Let me throw some additional information into this thread, in my capacity as compiler and keeper of the more-or-less-definitive Ewan MacColl Discography.

Over the years, Ewan made four completely different multi-LP sets of Child Ballads. He included additional ballads on many of his other records.

The four series were:

English and Scots Popular Ballads (4 two-LP sets, plus and LP of "Ballads Not Included in the Child Colection" Riverside RLP 12-621/22 - 12-629; later reissued as 9 individual Washington LPs, WLP 715 - 723) with A.L. Lloyd

The English and Scots Popular Ballads, Volumes 1 through 3 (3 LPs, Folkways FG 3509 - 3511)

The Long Harvest (10 LPs, Argo DA 66-75) with Peggy Seeger

Blood and Roses (5 LPs, Blackthorne ESB 79 - 83) with Peggy Seeger

So that's 26 LPs, not including the "Ballads Not Included" one. I haven't compiled individual lists of tracks on each record, so I don't know exactly how much overlap occurs from one series to the next.

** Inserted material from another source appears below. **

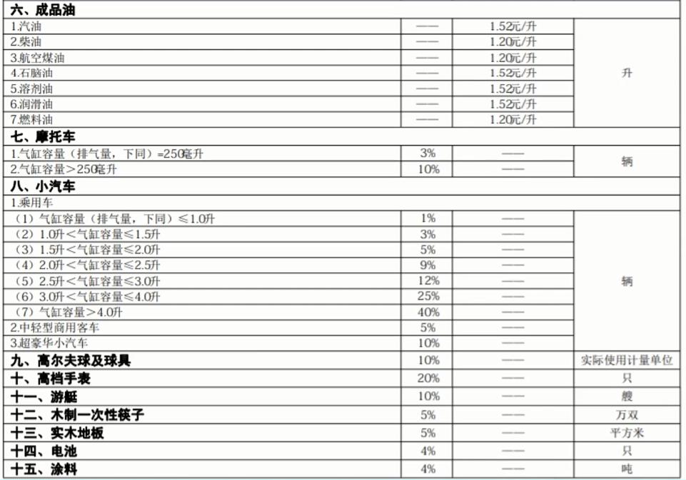以下是消费税税率表:

At a guess, there are maybe a hundred different ballads included (not counting variants).

The Folkways titles are still in print, available on CD or cassette from Smithsonian Folkways.

Riverside now belongs to Fantasy Records, who were not at all interested when I asked them about licensing the ballad series for re-issue. They have their own very successful re-issue program for many of the great old jazz and blues LPs in their catalog (they also own Prestige and several other labels), so they have a blanket policy of not licensing things to other labels.

I'm not sure about Mudcat's policy on outside links, so I won't include the URL, but the discography is online and easy to find through your favorite search engine.